“Absence makes the heart grow fonder”—possibly, and possibly not always fonder of the unseen beloved, but of one’s own personality, projected into the suitable position.
But if any moment of serious doubt came, the remembrance of the betrothal in the garden quenched it. There was always that to fall back upon. Milly lived that over again, and again, and again, never without the solemn rush of feeling that had accompanied the pledge with God for their witness—“never to be forgotten, never to be denied”—the latter words Norton had himself used in a letter to her once, a letter from which she never parted.
With love came at last the teaching of death to Milly, and she went down into the shadows and cried out affrighted. All props were torn away from her, and she stood alone trembling, reaching out on the right hand and on the left. “I had not thought it meant this,” she wrote piteously. “I believe in God, and in heaven, why, then, should this desolation touch me? Words—words that I have said all my life and believed in, mean nothing to me. I believe in them now, but they mean nothing. I can’t make anything real but death, not even your love! Oh, help me, tell me that I shall not die alone, that you will go with me, tell me that you are not afraid; help me, Norton. You must know something to make it all better!”
She had gained some peace before his reply reached her—a sense of the eternal Fatherhood that pervaded the unseen world as well as the one she walked and lived and loved in now—a protection that was a rest and brought light into the sunshine once more. But he wrote,
“Milly, if you love me, don’t send me any more letters like the last. To think of such things would drive me mad. I can’t think of death. It’s as much as I can do to work for a living, and try and be worthy of you, and I’ll have to leave the rest to the good Lord, I expect. I’ll be coming home some day before you know it—drop me a line to tell me how you’d feel if you saw me walking in just after you get this.”
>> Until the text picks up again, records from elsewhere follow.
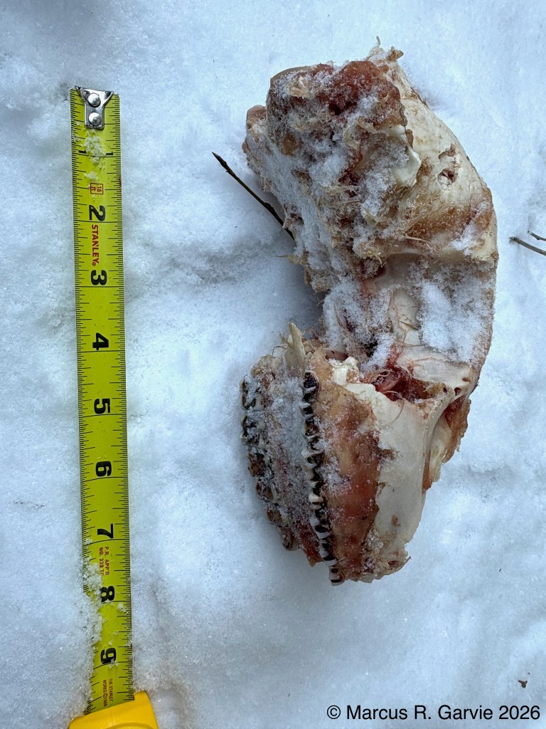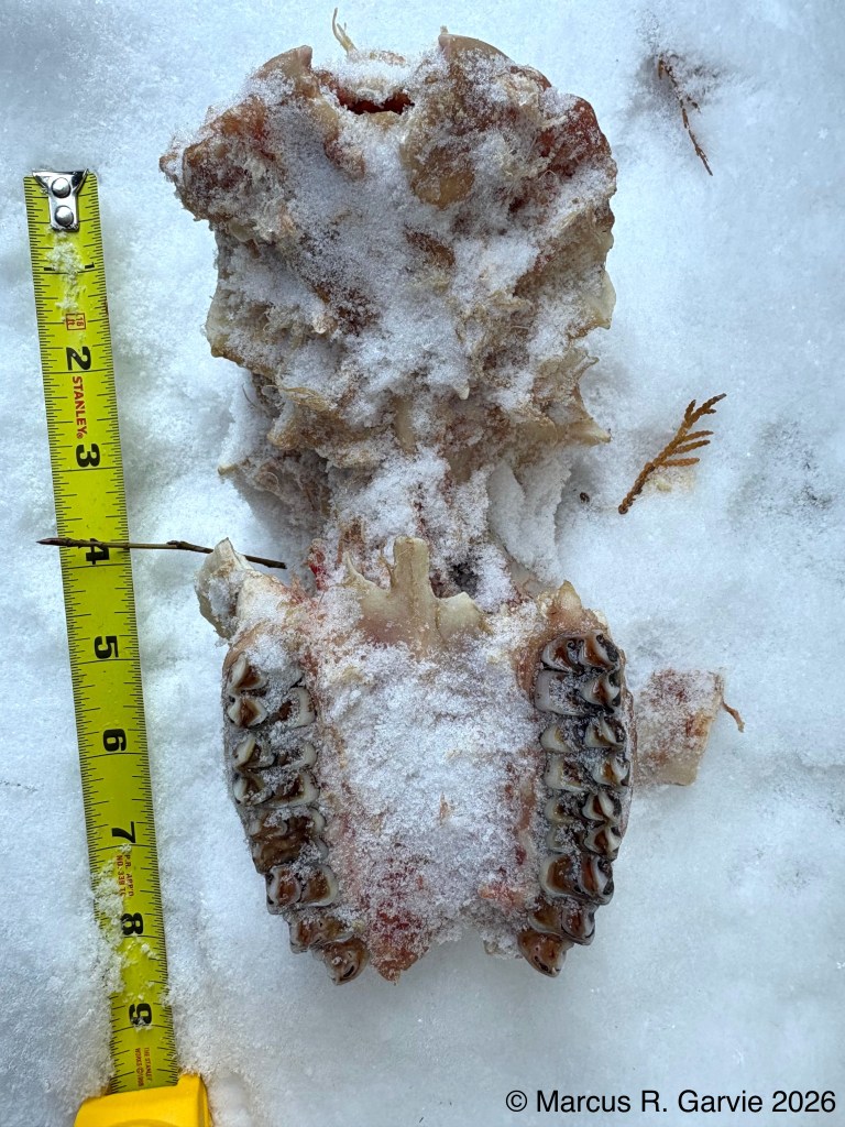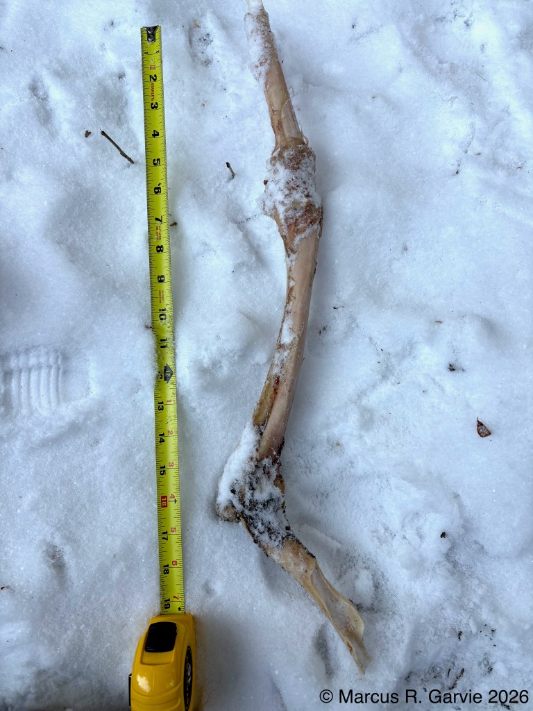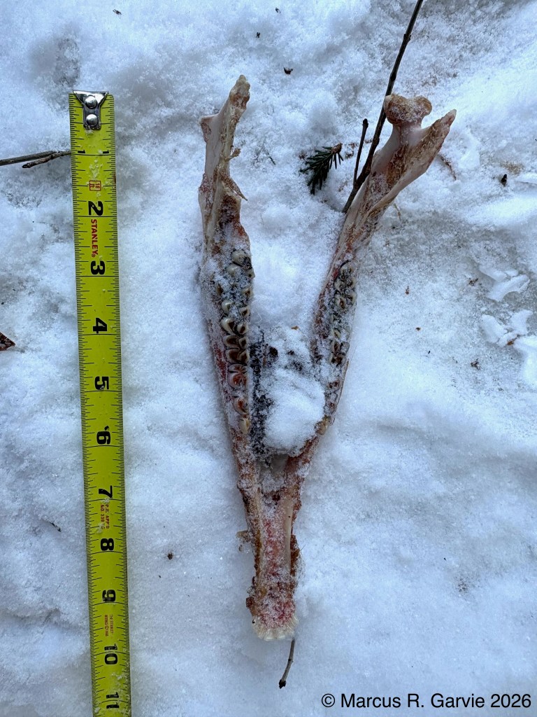 Observe the eight incisors on the lower jaw bone (deer have no incisors on the upper jaw). In the third photo, we see a front leg bone; the hoof was missing, and the bone appeared to have been broken open, likely by a coyote. In the fifth photo, we can see the teeth of the upper jaw. Other members of the tracking group spent some time estimating the deer’s age based on tooth number and patterns of wear, and concluded that the doe was about 5½ years old. I need to learn how to do this myself, as well as the names of the main bones of a deer. The humerus is the upper front-leg bone from shoulder to elbow, the radius is the main weight-bearing bone of the lower front leg, and the ulna is reduced and partly fused to the radius in deer (readers, please correct me if this isn’t accurate!).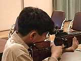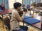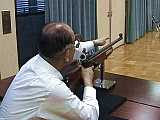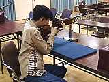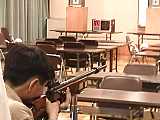 スイミングスクールも卒業となり、それに代るスポーツプログラムをとおもい、障害者スポーツセンターにでかけました。まず、プールに入り、そして、ひょっとしたら、向いているのでは、とおもっていたビームライフルを体験させて貰いました。視力は、一応2.0ということですので、やり方がわかれば、やれるかもと。結果は、予想以上に集中し、銃の操作も無難にこなしていました。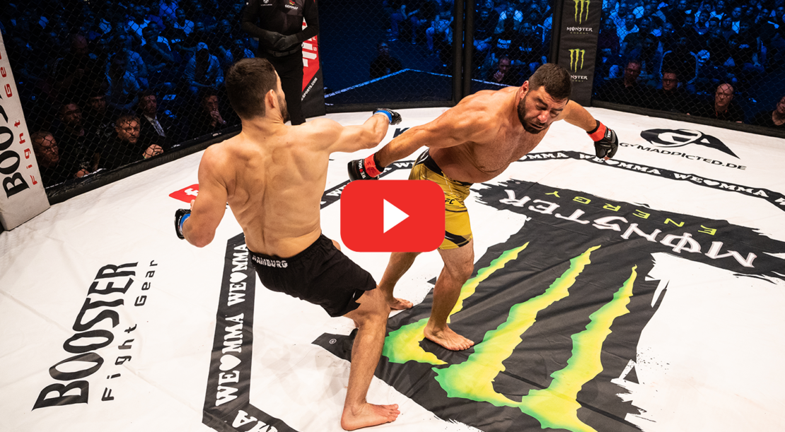 Das Jubiläum von We Love MMA sollte noch ein Comeback erleben. Selim Agaev, der nach über sieben Jahren in den Cage von „Deutschlands härtester Liga“ zurückkehrte, ist bekannt für seine KO-Attacken. Doch auch Veselin Dimitrov ist eine harte Nuss und schlägt seine Gegner gern ins Aus. Selim, der vom Publikum tosend angefeuert wurde, kontrollierte das Match. Mit gezielten Kicks verlagerte er das Duell immer wieder auf den Boden, wo er seine Vorteile hat. Mit einem schwerem Ellenbogen konnte sich Agaev nach 4:37 Minuten in der ersten Runde den Siegsichern.

If there was a graver look in Milly’s eyes than had been, there was also a sweeter depth. The lines around her mouth were very gentle. She did not talk much. It was the third summer of the separation; she no longer tried to solve the problem of the Prestons, but accepted the fact that she stood a little nearer to each of them than anyone else did. People said she was a good listener, but although she seemed to give a quiet attention to them, it was the voice across the sea that she was always listening for. The letters came now so full of matters and people that she knew nothing of; the whole burden of them for her lay in the few loving sentences that began and ended the pages. Had she ever had a lover? It was so long ago, and for so short a time! Yet at last she had word that he was coming home.
It was after this news had reached her, and nearly three years from the day of the revealing of love in the garden, that the second revelation was given her. This time it was of immortality.
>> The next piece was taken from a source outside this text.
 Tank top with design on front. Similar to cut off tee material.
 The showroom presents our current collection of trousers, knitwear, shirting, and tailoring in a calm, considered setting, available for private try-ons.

She was kneeling in the church during the afternoon service; the church was almost empty. She had had a singularly calm spirit all day, and as she knelt in the dim aisle, her gaze directed upward to the stained glass window in one of the arches of the ceiling, she was not praying, she was only peaceful. The window was partly open, so that a glimpse of pale blue sky slanted through it with the afternoon sunshine. And as she gazed, not consciously, her spirit went from her and mingled with that sunlight, becoming one with it, and in a rapture of buoyancy, of radiance, of exultant immortality. It had in it no acknowledged perception of God, no conviction of sin, no so-called “experience”; it was simply life eternal, utterly free from the body, the spirit divested of the hampering bonds of the flesh. The wonder of it, the joy of it—yet the wonderful and joyful familiarity with it, as of something known always, that had been only forgotten for a little while, and was now remembered; and beyond and through all something indescribable. One cannot translate the meaning of life into words that belong to mortality.
Milly bowed her head and the light closed over her and her spirit came back to her body once more. She neither wept nor trembled; like Mary of old she marveled and was silent. She thought she would write it all to Norton, but she could not; she thought to tell him when he came, but she did not. She never had the revelation again, but like the first it could never be forgotten nor denied.